TASK REQUIREMENTS: Copy the lines below word for word, skipping any image.

DATA SECTION:

- - -

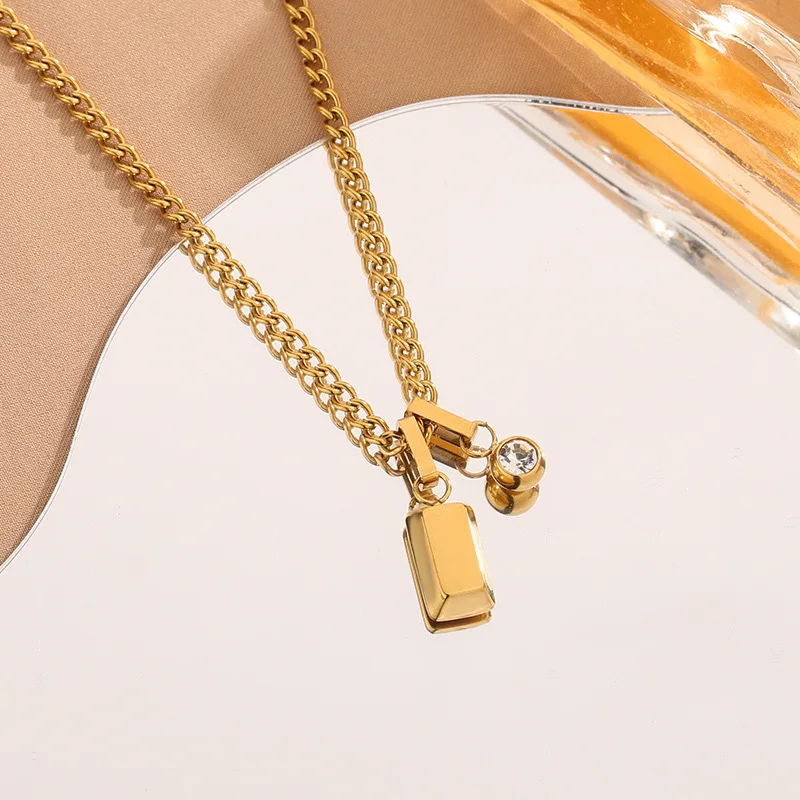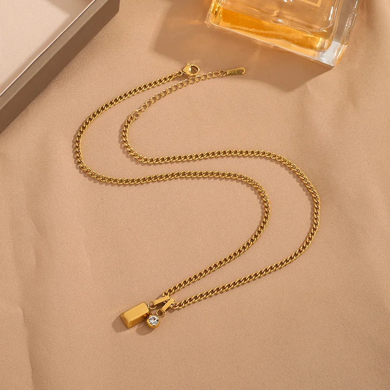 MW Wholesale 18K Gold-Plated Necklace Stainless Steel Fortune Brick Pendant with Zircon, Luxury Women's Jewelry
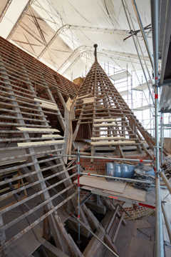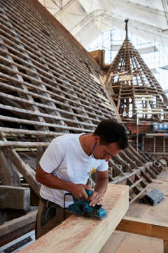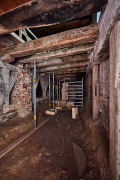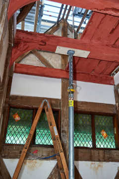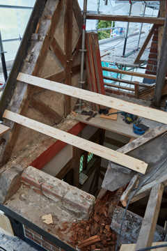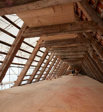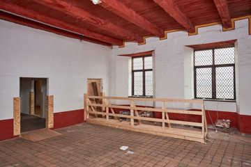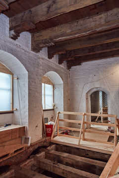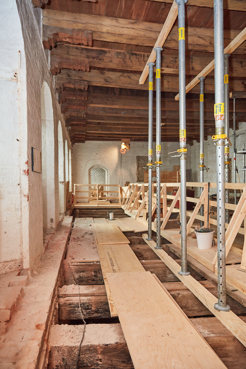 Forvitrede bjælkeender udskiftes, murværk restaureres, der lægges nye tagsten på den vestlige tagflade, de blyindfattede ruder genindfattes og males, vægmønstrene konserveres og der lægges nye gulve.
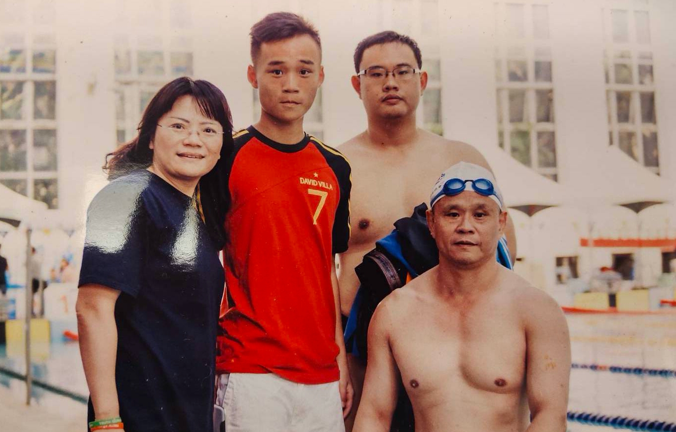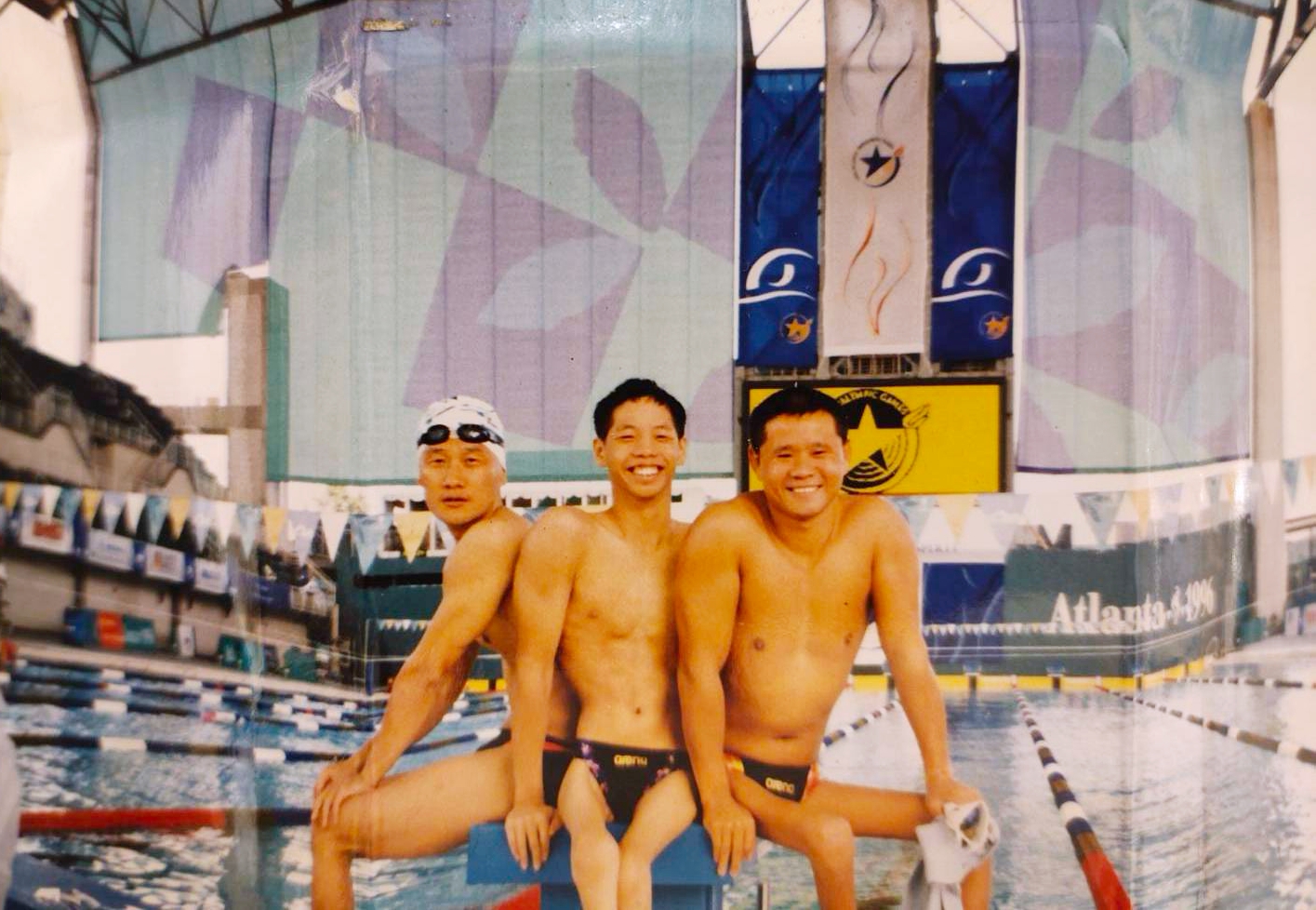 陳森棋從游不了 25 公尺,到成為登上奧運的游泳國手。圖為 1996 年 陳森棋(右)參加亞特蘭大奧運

- - -

SOLUTION TO THIS TASK:
 MW Wholesale 18K Gold-Plated Necklace Stainless Steel Fortune Brick Pendant with Zircon, Luxury Women's Jewelry
 Forvitrede bjælkeender udskiftes, murværk restaureres, der lægges nye tagsten på den vestlige tagflade, de blyindfattede ruder genindfattes og males, vægmønstrene konserveres og der lægges nye gulve.
 陳森棋從游不了 25 公尺,到成為登上奧運的游泳國手。圖為 1996 年 陳森棋(右)參加亞特蘭大奧運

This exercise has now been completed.